(Data listing begins)

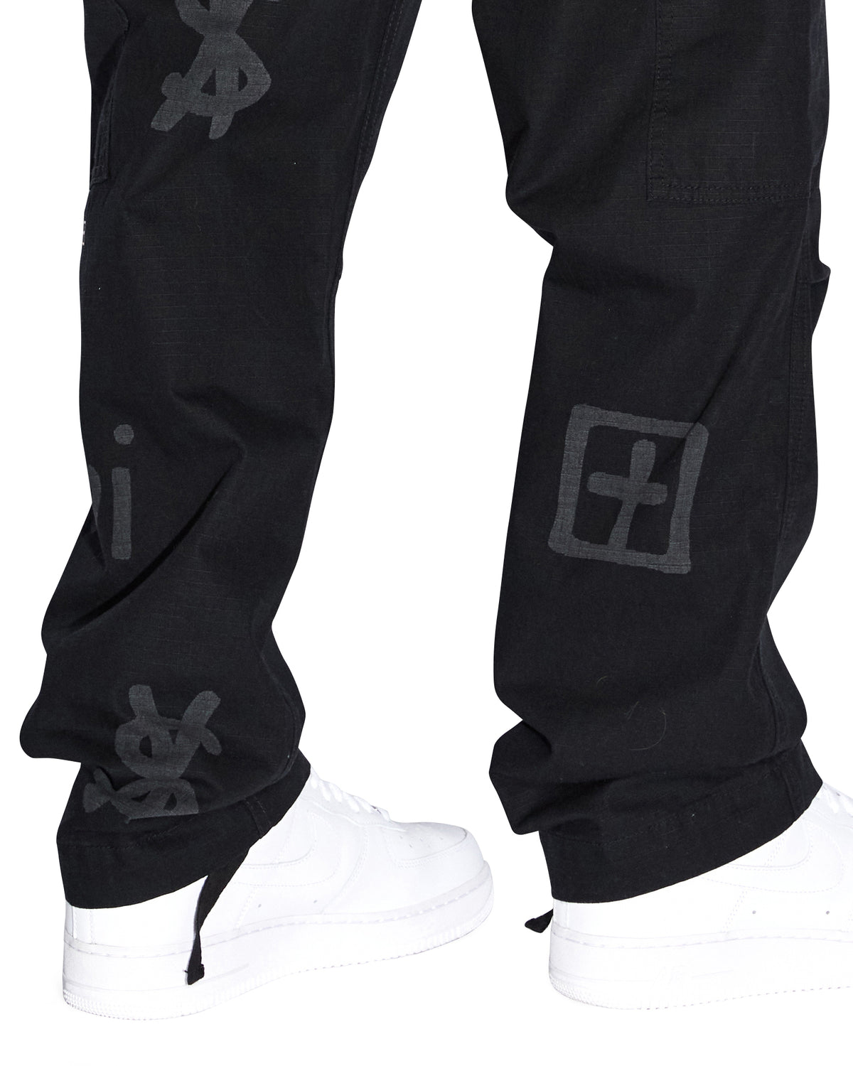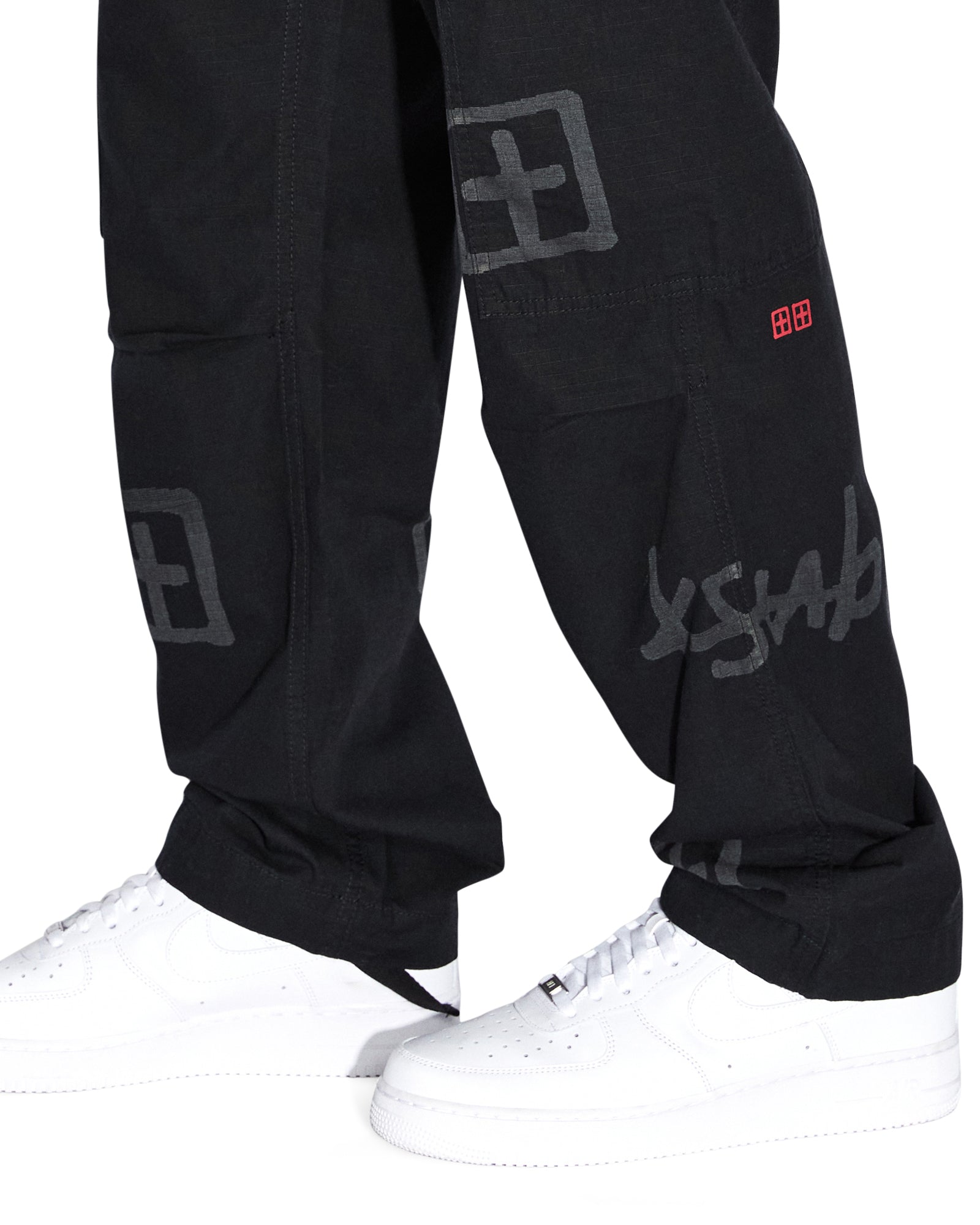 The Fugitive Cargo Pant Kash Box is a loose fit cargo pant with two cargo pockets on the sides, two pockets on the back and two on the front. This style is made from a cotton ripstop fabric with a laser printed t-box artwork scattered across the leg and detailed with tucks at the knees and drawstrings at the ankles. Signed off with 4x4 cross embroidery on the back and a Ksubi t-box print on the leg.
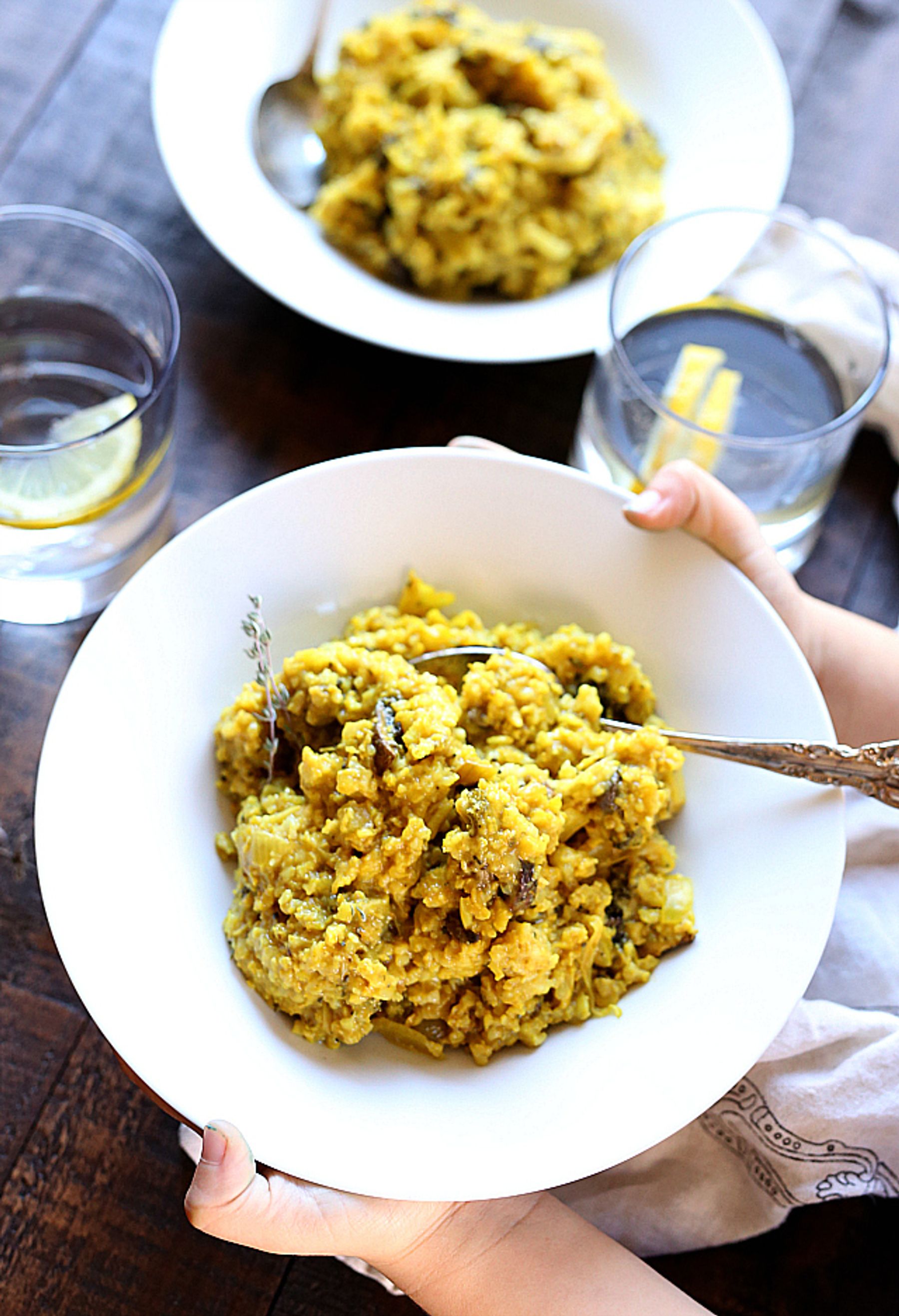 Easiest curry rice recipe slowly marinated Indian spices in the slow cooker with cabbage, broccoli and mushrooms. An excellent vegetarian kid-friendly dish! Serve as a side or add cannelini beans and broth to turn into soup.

(Data listing ends)
(Data listing begins)

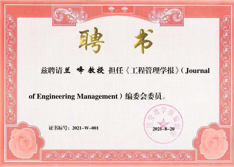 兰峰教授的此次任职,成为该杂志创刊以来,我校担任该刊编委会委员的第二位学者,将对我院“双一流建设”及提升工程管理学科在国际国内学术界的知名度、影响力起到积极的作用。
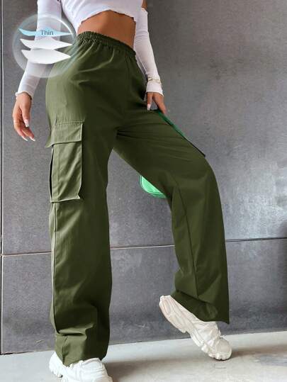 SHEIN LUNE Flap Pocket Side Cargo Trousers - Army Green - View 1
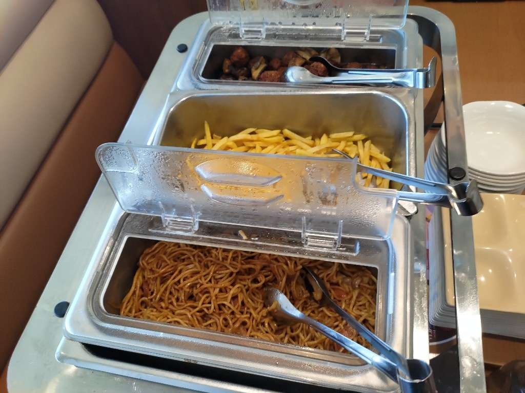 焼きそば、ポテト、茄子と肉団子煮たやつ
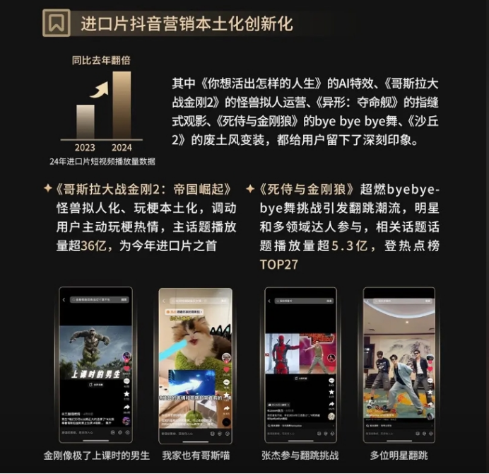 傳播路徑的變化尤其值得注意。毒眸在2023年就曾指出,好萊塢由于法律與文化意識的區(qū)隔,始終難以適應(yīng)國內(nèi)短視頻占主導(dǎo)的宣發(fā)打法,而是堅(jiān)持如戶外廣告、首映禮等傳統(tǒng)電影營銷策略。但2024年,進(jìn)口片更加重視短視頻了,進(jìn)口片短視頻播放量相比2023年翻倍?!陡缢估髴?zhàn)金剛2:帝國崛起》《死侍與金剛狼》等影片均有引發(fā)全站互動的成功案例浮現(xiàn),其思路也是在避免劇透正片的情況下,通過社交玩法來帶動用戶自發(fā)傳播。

(Data listing ends)

What needs to be done » Could you output exactly the lines above, from the line with "SHEIN LUNE Flap" up to and including the line with "傳播路徑的變化尤其值得注意。", and nothing else, skipping the pictures?

Output for this task »
 SHEIN LUNE Flap Pocket Side Cargo Trousers - Army Green - View 1
 焼きそば、ポテト、茄子と肉団子煮たやつ
 傳播路徑的變化尤其值得注意。毒眸在2023年就曾指出,好萊塢由于法律與文化意識的區(qū)隔,始終難以適應(yīng)國內(nèi)短視頻占主導(dǎo)的宣發(fā)打法,而是堅(jiān)持如戶外廣告、首映禮等傳統(tǒng)電影營銷策略。但2024年,進(jìn)口片更加重視短視頻了,進(jìn)口片短視頻播放量相比2023年翻倍?!陡缢估髴?zhàn)金剛2:帝國崛起》《死侍與金剛狼》等影片均有引發(fā)全站互動的成功案例浮現(xiàn),其思路也是在避免劇透正片的情況下,通過社交玩法來帶動用戶自發(fā)傳播。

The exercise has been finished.